Osteopetrosis and Dense Bone Dysplasia Panel
Test code: MA2001
The Blueprint Genetics Osteopetrosis and Dense Bone Dysplasia Panel is a 21 gene test for genetic diagnostics of patients with clinical suspicion of osteopetrosis.
The osteopetroses are genetic diseases characterized by increased bone mass and density due to a failure in bone resorption. Osteopetrosis includes an autosomal dominant, autosomal recessive and X-linked form. The most severe form is fatal in infancy, has an autosomal recessive inheritance and can often be cured with hematopoietic stem cell transplantation. The differential diagnoses include other disorders, which can cause diffuse osteosclerosis, such as hypervitaminosis D and hypoparathyroidism and Paget's disease. This panel is designed in order to improve diagnosis rate, turn-around time and costs in patients with suspected osteopetrosis. This panel is part of the Comprehensive Skeletal / Malformation Syndrome panel.

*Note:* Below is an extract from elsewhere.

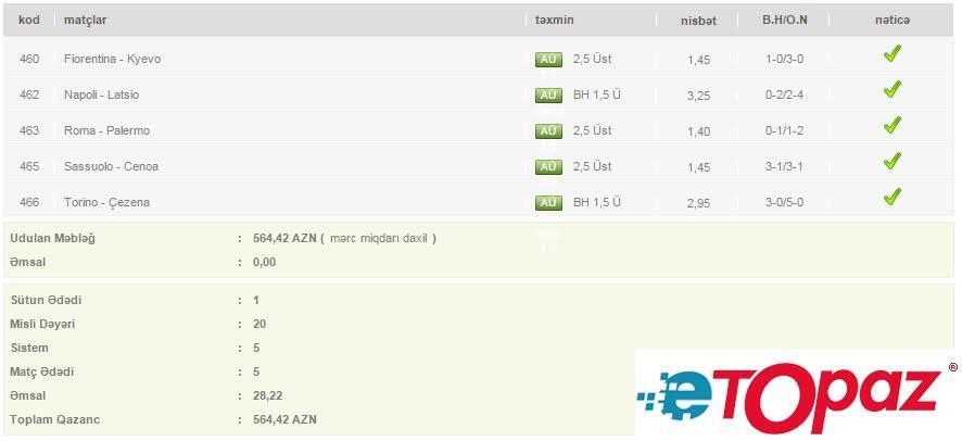 5 oyun üzrə 20 manatlıq kupon - udulan məbləğ 564 AZN

About Osteopetrosis and Dense Bone Dysplasia
Autosomal dominant osteopetrosis (ADO, alsoknown as Albers-Schönberg disease) is usually considered an adult-onset, more benign form whereas autosomal recessive osteopetrosis (ARO), also termed malignant infantile osteopetrosis, presents soon after birth, is often severe and leads to death if left untreated. Osteopetrosis caused by hypomorphic mutations in the IKBKG gene is X-chromosomal form of the disease. Autosomal recessive osteopetrosis (ARO) is a genetically and phenotypically heterogeneous disease; most forms result from late endosomal trafficking defects that prevent osteoclast ruffled‐border formation. Haematopoietic stem cell transplantation (HSCT) can cure ARO if given in early life to patients with osteoclast‐intrinsic disease without neurodegenerative complications (PubMed: 23877423). New treatments that target RANKL/RANK signalling offer promise in ARO subtypes that currently cannot be cured by HSCT and to prevent hypercalcaemia after HSCT.

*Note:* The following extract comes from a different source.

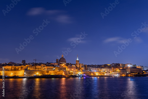 Fototapeta premium City of Valletta at evening twilight, capital of Malta skyline from the sea

Paget's disease is a common metabolic bone disease characterized by focal abnormalities of increased bone turnover affecting one or more sites throughout the skeleton, primarily the axial skeleton. Bone lesions in this disorder show evidence of increased osteoclastic bone resorption and disorganized bone structure. Genetic factors play an important role in the disease (PubMed: 24988994). In some cases, Paget's disease is inherited in an autosomal dominant manner and the most common cause for this is a mutation in the SQSTM1 gene. Mutations in TNFRSF11A, TNFRSF11B and VCP have been identified in rare syndromes with Padget's disease-like features.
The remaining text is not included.